The term $Allostery$ in eq4.2 is a vector of non-negative numbers describing the effect of allosteric regulation on each reaction. Allosteric regulation happens when binding to a certain molecule changes an enzyme’s shape in a way that changes its catalytic behaviour. We use eq4.5, originally from [Popova and Sel'kov, 1975], to describe this phenomenon.

(4.5)#\[\begin{split} \begin{aligned} Allostery_r &= \frac{1}{1 + tc_r \cdot (\text{free enzyme ratio}_r \cdot \frac{Qtense}{Qrelaxed})^{subunits}} \\ Qtense &= 1 + \sum_{\text{i inhibitor}} \frac{x_i}{dc_{ri}} \\ Qrelaxed &= 1 + \sum_{\text{a activator}} \frac{x_a}{dc_{ra}} \end{aligned} \end{split}\]

Finally, the term $Phosphorylation$ in eq4.2 captures an important effect whereby enzyme activity is altered due to a coupled process of phosphorylation and dephosphorylation.

(4.6)#\[\begin{split} \begin{aligned} Phosphorylation_r &= (\frac{\beta}{\alpha + \beta})^{subunits} \\ \alpha &= \sum_{\text{p phosphoylator}} kcat_{p} \cdot concp_p \\ \beta &= \sum_{\text{p dephosphoylator}} kcat_{d} \cdot concd_d \\ \end{aligned} \end{split}\]
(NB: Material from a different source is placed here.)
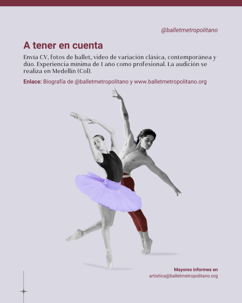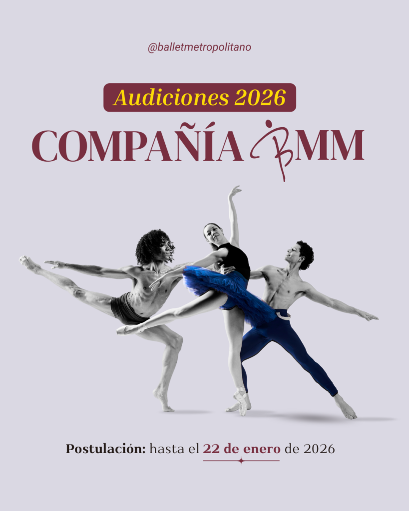Abiertas las Audiciones para integrar la Compañía profesional del Ballet Metropolitano de Medellín. Plazo de postulación jueves 22 de enero de 2026.

4.3.1. Steady state assumption#

As well as assuming that the fluxes in our metabolic network will behave as our thermokinetic model expects, we also assume that the system was measured in a steady state, so that every non-boundary metabolite’s concentration was not changing. This assumption is represented mathematically in eq4.7.

(4.7)#\[ S\cdot f_v(x, \theta) = 0 \]

The steady state assumption removes degrees of freedom equal to the rank of $S$ from our model, so that $v$ is constrained to lie in the right null space of S. Usually, given $\theta$ it is possible can solve eq4.7 to find a steady state metabolite concentration $x_{steady}$.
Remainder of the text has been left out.